The license granted to you pursuant to this Section may be revoked at any time for any reason and shall terminate upon expiration or termination of this Agreement.
If you have previously used or registered any Prohibited Designation, (i) upon request, or (ii) if no request has been made, upon expiration or termination of this Agreement, you agree to transfer all of your rights in the Prohibited Designation and the associated goodwill to us within ten (10) days thereafter. In such case, we shall pay you a reasonable fee to cover the expenses necessary to transfer the Prohibited Designation, but in no instance will the amount exceed $100 per domain or $500 for all domains. You hereby grant an irrevocable power of attorney coupled with an interest to all or any of the FFN Entities to take all steps necessary to effectuate the transfer of the Prohibited Designation to the FFN Entities in the event that you fail to comply with the terms of this Section. Without limiting the foregoing, you specifically agree not to use the Prohibited Designations to promote the goods or services of you or any third parties.

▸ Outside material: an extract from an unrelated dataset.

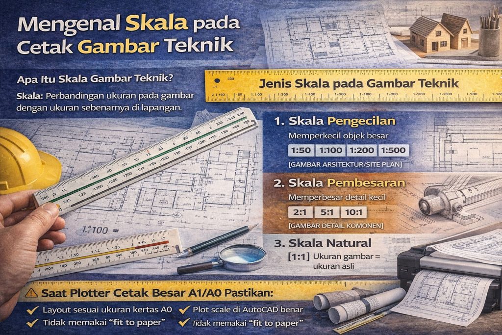 Memahami skala pada cetak gambar teknik merupakan hal penting bagi arsitek, engineer, kontraktor, maupun mahasiswa teknik. Skala digunakan untuk memperkecil atau memperbesar ukuran objek pada gambar tanpa mengubah proporsi aslinya. Dengan skala yang tepat, gambar tetap akurat dan mudah dibaca saat dicetak.

- NON-EXCLUSIVE LIMITED LICENSE TO USE YOUR MARKS. You hereby grant the FFN Entities a non-exclusive, transferable, world-wide license to utilize your name(s), titles, logos, and trademarks ("Your Marks") to advertise, market, promote and publicize in any manner the FFN Services, the FFN Sites and our rights hereunder. However, we shall have no obligation to so advertise, market, promote or publicize. You hereby represent and warrant that you are the sole and exclusive owner of Your Marks and/or have all necessary rights and power to grant to us the license to use Your Marks in the manner contemplated herein, and such grant does and will not (a) breach, conflict with, or constitute a default under any agreement or other instrument applicable to you or binding upon you, or (b) infringe upon any trademark, trade name, service mark, copyright, or other proprietary right of any other person or entity. This license shall terminate immediately following the effective date of termination of this Agreement.
- ACKNOWLEDGEMENT OF FTC-VARIOUS ORDER. You acknowledge that you have received, read, and agree to comply with the "Stipulated Final Order for Permanent Injunction as to Defendant Various, Inc." filed on December 12, 2007 (the "FTC-Various Order") and understand and agree that engaging in acts or practices prohibited by the FTC Order will result in the immediate termination of this Agreement and any and all Insertion Orders and a forfeiture of all monies received by Publisher or owed by the FFN Entities hereunder.
You agree to fully cooperate with our compliance with the FTC-Various Order.
You agree to immediately notify us if you receive any complaints regarding alleged use of sexually explicit advertising of the FFN Services, FFN Sites or FFN Entities.
You agree to fully cooperate in any investigation we choose to perform for compliance under the FTC-Various Order or to determine any violations of this Agreement. You agree to retain for eight (8) years (and immediately provide to us within three (3) business days of our written demand) all copies of historical web pages/URLs and online advertising that contain (or contained), if any, sexually explicit material used to advertise the FFN Services, FFN Sites or FFN Entities.
Download the PDF version of the FTC-Various Order of December 12th, 2007.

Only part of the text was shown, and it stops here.